Griever steadily walked towards the gate, brooding. Always brooding. About his future, but mostly about his past. This was the one place he could go. She was the only one who understood at all.
Eden. That mysterious being who dwelt in the dimensions outside of time and space. Passing through the gate into that strange and peculiar pocket of subspace, Griever could hear her voice. The wordless voice that was as thunder through the heavens.
You.
Why are you here?
"I have no where else to go." Griever's reply echoed his thoughts. But he didn't want to think just now, and instead simply sat gazing at the enigmatic entity before him. Eden was so unlike anything else, like a wildly beautiful mosaic of every time that ever was, is, and will be. A being of great power and wisdom who was like a guide to others.
Angel.
Griever looked up suddenly, slightly startled.
Those are your thoughts Eden continued. But angel I am not, though perhaps something similar.
"Perhaps something more," Griever said, more to himself. But Eden did not agree, so he withdrew his comment.
They wish you to return.
Dwelling outside even time itself, Eden could only communicate within the "now".
Bahamut does not hold your deeds against you, he wishes that you return.
"I wish it not." He turned briefly away. No, dear Bahamut, he thought, it is not your forgiveness I cannot accept, but my own. He thought back on what had happened. No, Bahamut would not, could not understand. That terrible cry, the deadly scourge released upon the land, and all in his- Griever's, name! Yes, others were to blame for creating the bridge, but it had been he who had caused the crossing of it. And now he could not pass a night there without seeing that terrible reminder ride through the sky.
Griever gritted his teeth in anger. Never again would he be so foolish as to attempt to show reason to irrational beasts!
You must leave it behind.
Griever looked up and smiled weakly. Of course, Eden did not know that what she tried to console him for was truly the least of his concerns.

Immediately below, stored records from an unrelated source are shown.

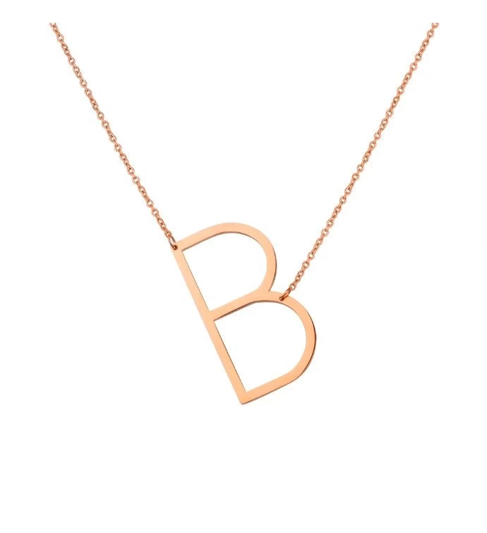 This large initial letter necklace is eye-catching and will make a statement paired with any style. The necklace can be worn with everyday wear or on formal occasions. Simply stylish and comfortable. Great for layering. The sideways initial letter necklace is available in silver, gold, and rose gold colors and comes polished. The large letter necklace is gorgeous and Minimalist which makes it a popular gift to give during the holiday season, Christmas, birthday, or anniversaries.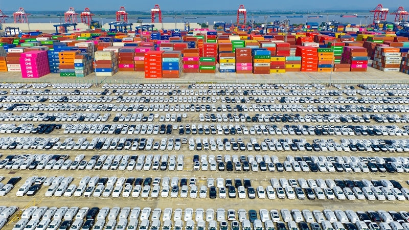 2025年10月4日在江苏省港口集团南京港龙潭港区拍摄的准备装船出口的汽车(无人机照片)。新华社发(杨素平?摄)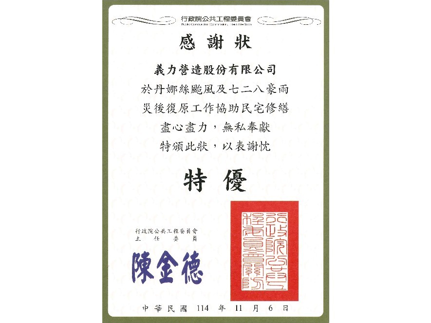 [114年]行政院公共工程委員會 感謝狀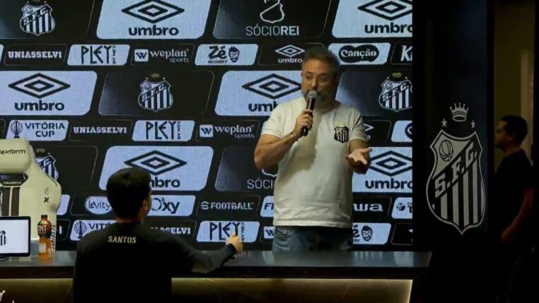 Diretor de futebol do clube santista se desentendeu com o repórter Vagner Frederico durante coletiva na Vila Belmiro
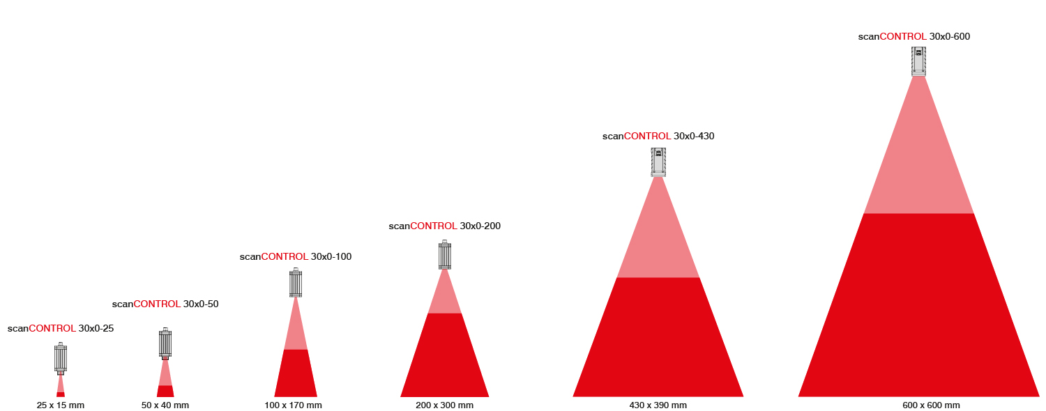 scanCONTROL 30x2 雷射掃描儀現在還提供 430 x 390 mm或 600 x 600 mm的大測量區域。這樣就可以高精度地檢測大型測量物體。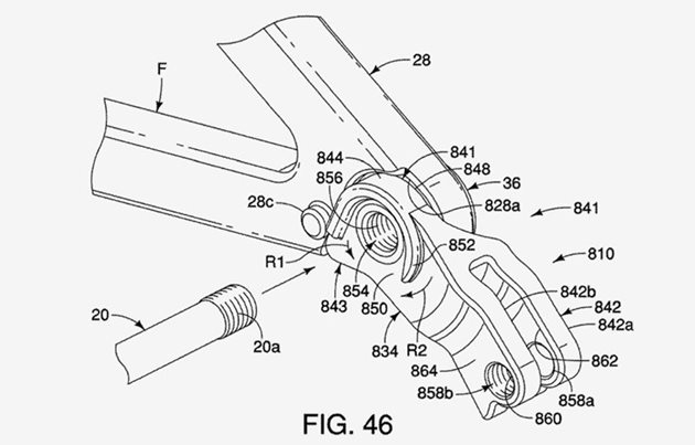 Nový patent totiž ukazuje dvouramenné „vidlicové“ uchycení, které svým principem připomíná řešení SRAMu, jen naopak - tedy inverzní montáž. Přehazovačka se nešroubuje přímo do rámu, ale do průchozího oka patky, kam se fixuje pomocí šroubu.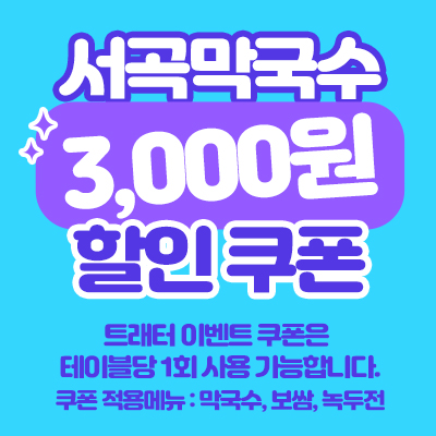 막국수 전문점 " 서곡막국수"" 에서 할인 쿠폰을 드립니다.

"Why did you go there, anyway, when you go nowhere else?" he asked. "Wait, let me answer that- it was because it involved the alteration and control of time, and so you yourself would be of considerable help, right?"
Your analysis is accurate. Yes.
Griever smiled to himself, but remembering that time quickly made him grow serious. After that first terrible incident, he had placed his power in the world so that it could be used to help undo his mistake. But in the end he found himself fighting against that very power, fighting for a dark master he could not resist. His effort did not prove completely in vain, however, for it was with that very power that he was then defeated and the order restored.
You are restless.
"I wish to wander." He did not say, I wish to do penance. Penance, such a useful word.
Bahamut neither consents nor forbids. You are to come back.
The last part was both a statement and a question.
"Perhaps. Eventually. Yes." Griever replied. "When my soul finds rest."
The gates were open, the worlds endless to roam.
Return. The soft echo was so faint, it was no more than the stirrings of a light breeze.